Вместе с тем нельзя не заметить, что постепенно эстетическое начало становится доминирующим: чем дальше пишется Первая записная книжка, тем больше в ней литературных (и философских, что для Чехова, видимо, едино) заготовок и меньше заметок бытового характера; в то же время в более ранних Второй и Третьей книжках заметки превалируют. Когда записи из Первой книжки переписываются в незаконченную Четвертую, эстетический принцип становится определяющим при отборе. В частности, «Дантов ад» уже в Первой книжке не соседствует ни с адресами, ни с упоминанием «Исхода» — он находится в окружении исключительно литературных наработок [42], часть из которых использована в различных произведениях, остальные же перешли почти без изменений в Четвертую книжку [154]. Те факты, что заметка с указанием библейской книги была занесена, как свидетельствуют комментаторы, для И.Е. Репина [см.: 329], а адреса переписаны в специально созданную Пятую (адресную) книжку, как представляется, не являются в данном случае определяющими.
В целом можно констатировать факт, что в записных книжках в конце концов сложилась система представлений, согласно которой все эскизы, неважно какого происхождения, стали ценны не сами по себе, а как элементы эстетического осмысления мира. (Ср. параллельно проходившую эволюцию Чехова как писателя.)

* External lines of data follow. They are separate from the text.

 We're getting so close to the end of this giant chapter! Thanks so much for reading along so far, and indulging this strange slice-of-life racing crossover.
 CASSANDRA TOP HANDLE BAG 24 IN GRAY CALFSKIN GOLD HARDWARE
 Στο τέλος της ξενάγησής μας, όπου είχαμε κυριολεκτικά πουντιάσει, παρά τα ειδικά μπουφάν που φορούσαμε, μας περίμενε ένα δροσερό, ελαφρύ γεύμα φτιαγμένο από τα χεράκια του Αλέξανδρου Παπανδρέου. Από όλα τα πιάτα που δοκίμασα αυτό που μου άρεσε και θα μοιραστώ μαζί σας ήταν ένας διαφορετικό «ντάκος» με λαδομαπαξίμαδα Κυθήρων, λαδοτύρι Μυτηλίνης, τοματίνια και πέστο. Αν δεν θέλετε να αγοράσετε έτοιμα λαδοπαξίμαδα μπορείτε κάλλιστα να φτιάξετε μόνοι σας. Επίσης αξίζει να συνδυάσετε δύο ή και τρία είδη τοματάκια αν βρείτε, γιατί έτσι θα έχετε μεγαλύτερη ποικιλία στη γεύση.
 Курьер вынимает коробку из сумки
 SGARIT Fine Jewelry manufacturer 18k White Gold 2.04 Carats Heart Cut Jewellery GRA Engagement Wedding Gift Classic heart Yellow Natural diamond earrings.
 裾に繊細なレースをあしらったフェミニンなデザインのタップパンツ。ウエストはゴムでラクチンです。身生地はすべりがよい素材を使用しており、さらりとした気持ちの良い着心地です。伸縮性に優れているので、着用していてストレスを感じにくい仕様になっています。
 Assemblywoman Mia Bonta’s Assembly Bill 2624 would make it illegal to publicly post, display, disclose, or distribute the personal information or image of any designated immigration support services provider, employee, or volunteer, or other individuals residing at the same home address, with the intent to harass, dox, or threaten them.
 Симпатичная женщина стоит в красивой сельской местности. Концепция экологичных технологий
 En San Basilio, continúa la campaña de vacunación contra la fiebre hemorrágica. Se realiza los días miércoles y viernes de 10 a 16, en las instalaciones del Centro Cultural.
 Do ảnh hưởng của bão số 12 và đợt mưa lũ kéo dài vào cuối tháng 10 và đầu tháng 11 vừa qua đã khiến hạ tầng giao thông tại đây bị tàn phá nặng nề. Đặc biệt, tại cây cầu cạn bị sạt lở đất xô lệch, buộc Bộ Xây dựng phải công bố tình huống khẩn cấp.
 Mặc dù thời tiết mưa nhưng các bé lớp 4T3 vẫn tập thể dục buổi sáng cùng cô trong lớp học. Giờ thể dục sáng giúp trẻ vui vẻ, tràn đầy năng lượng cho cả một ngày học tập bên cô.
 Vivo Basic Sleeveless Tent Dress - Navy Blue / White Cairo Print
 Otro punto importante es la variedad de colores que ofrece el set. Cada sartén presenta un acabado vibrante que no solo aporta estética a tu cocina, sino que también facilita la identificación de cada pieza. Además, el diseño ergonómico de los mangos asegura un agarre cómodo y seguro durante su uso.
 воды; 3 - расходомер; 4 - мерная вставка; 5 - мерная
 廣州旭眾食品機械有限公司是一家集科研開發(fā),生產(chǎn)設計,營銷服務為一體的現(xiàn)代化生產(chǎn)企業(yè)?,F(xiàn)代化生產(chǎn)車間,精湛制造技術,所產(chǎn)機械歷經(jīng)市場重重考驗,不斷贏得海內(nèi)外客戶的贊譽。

Итак, панэстетизм стал превалировать над прочими способами мировидения (реально-бытовым, религиозным и т. д.). Мир превратился в материал для Книги, которая, разумеется, писалась за пределами пространства записных книжек, но сохранила их важнейший структурный принцип. Как в книжках универсум предстает в виде осколков, аналогов каталожных карточек, хаотически вырывающих кванты бытия, наделяя их смыслом, и оставляющих между собой информационную пустоту, — так и чеховская Книга предстала в виде корпуса текстов, каждый из которых выступает как замкнутый на самом себе, не «видящий» все остальные тексты автора (во всем массиве творчества Чехова только рассказы «Человек в футляре», «Крыжовник» и «О любви» представляют собой подобие микроцикла), однако все вместе они выражают ту общую идею, суть которой выражена в процитированном выше замечании З.С. Паперного. Одновременно Книга Чехова ломает тот канон написания книги писателем, который сложился в России на протяжении XIX в., маргинализируя устоявшуюся систему литературных представлений и систематизируя маргинальные ее части9. Такой подход также работает на «осколочный» принцип осмысления мира, где нет единого ценностного центра.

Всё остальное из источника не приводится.